Precision agriculture is the use of computer technology to enhance crop health through targeted farming techniques based on site-specific needs. Real-time data is gathered and analyzed to determine soil, crop, water, and air conditions. This can be combined with other data, such as equipment availability, weather predictions, and access to labor to make informed decisions about agricultural strategy.
Based on the data gathered and recommendations from analytical software, farmers can implement soil management practices and decide when to plant, fertilize, harvest, and rotate crops. Because the images are of such high quality, farmers can make decisions for entire fields, sections of fields, and even individual plants and animals, including monitoring nearby habitats of endangered species.
The various types of precision agriculture technology are often combined to paint a complete picture and allow farmers to make informed decisions.
Satellite imagery can provide valuable information about crops and soil. However, images can only be captured on the satellite’s schedule, and when there is cloud cover, the data is not useful.
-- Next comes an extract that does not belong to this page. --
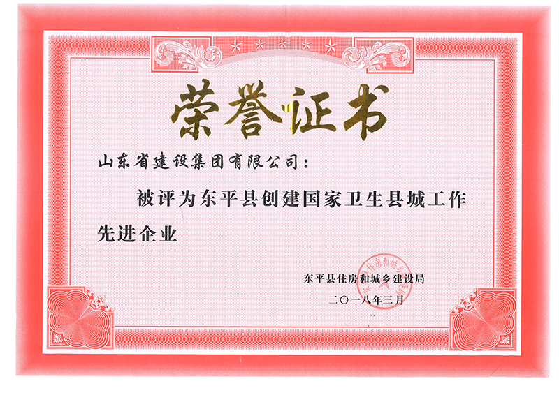 山東省建設(shè)集團(tuán)有限公司被評為東平縣創(chuàng)建國家衛(wèi)生縣城工作先進(jìn)企業(yè)

To allow more flexibility, many farmers use drones to capture images on their own schedule, including when there is cloud cover. Repeatable flight plans and workflows capture consistent data, and drones are more accurate, affordable, reliable, and flexible than satellites.
Photogrammetry software allows farmers to create 2D photomosaic maps and 3D models from the imagery captured by drones. When compared, the maps show changes over time to monitor crop health. High resolution enables farmers to zoom into small areas—in some cases, down to the centimeter—to identify pests.
Multispectral sensors on drones and satellites can be used to show moisture levels in soil, temperature differentials in a field, and other metrics that help assess crop health.
Sensors in the field can accurately measure moisture levels in soil, air temperature, and so on to provide constant, real-time measurements. These sensors can be programmed to provide alerts when certain conditions are met so farmers can act quickly as needed.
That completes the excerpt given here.